Clustering and Heatmaps Exercise

{pagebreak}

Exercises

Create a random matrix with no correlation in the following way:
```
 set.seed(1)
 m = 10000
 n = 24
 x = matrix(rnorm(m*n),m,n)
 colnames(x)=1:n
```
Run hierarchical clustering on this data with the hclust function with default parameters to cluster the columns. Create a dendrogram.

In the dendrogram, which pairs of samples are the furthest away from each other?
- A) 7 and 23
- B) 19 and 14
- C) 1 and 16
- D) 17 and 18
Set the seed at 1, set.seed(1) and replicate the creation of this matrix:
```
 m = 10000
 n = 24
 x = matrix(rnorm(m*n),m,n)
```
then perform hierarchical clustering as in the solution to exercise 1, and find the number of clusters if you use cuttree at height 143. This number is a random variable.

Based on the Monte Carlo simulation, what is the standard error of this random variable?
Run kmeans with 4 centers for the blood RNA data:
```
 library(GSE5859Subset)
 data(GSE5859Subset)
```
Set the seed to 10, set.seed(10) right before running kmeans with 5 centers.

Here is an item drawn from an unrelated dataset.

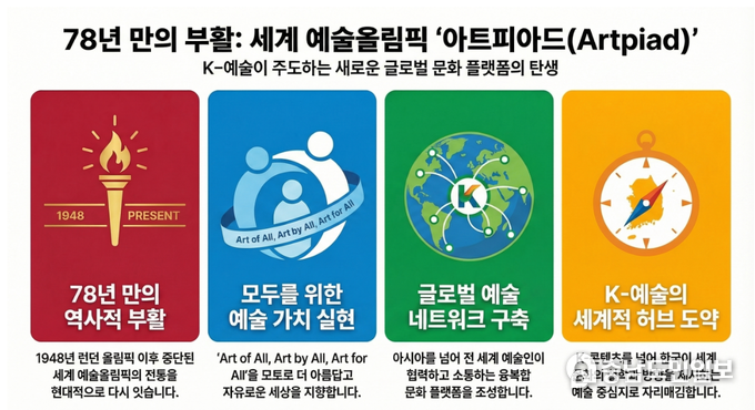 김종욱 IAA 세계전략기획위원장은 이날 발표에서 “예술올림픽은 한때 올림픽과 함께 인류 문화의 이상을 상징했던 제도였으나 1948년 런던올림픽 이후 역사 속에서 사라졌다”며 “이번 아트피아드는 78년 동안 단절되었던 세계 예술올림픽의 전통을 다시 잇는 역사적 출발점”이라고 강조했다.

Explore the relationship of clusters and information in sampleInfo. Which of the following best describes what you find?
- A) sampleInfo$group is driving the clusters as the 0s and 1s are in completely different clusters.
- B) The year is driving the clusters.
- C) Date is driving the clusters.
- D) The clusters don’t depend on any of the column of sampleInfo
Load the data:
```
 library(GSE5859Subset)
 data(GSE5859Subset)
```
Pick the 25 genes with the highest across sample variance. This function might help:
```
 install.packages("matrixStats")
 library(matrixStats)
 ?rowMads ##we use mads due to a outlier sample
```
Use heatmap.2 to make a heatmap showing the sampleInfo$group with color, the date as labels, the rows labelled with chromosome, and scaling the rows.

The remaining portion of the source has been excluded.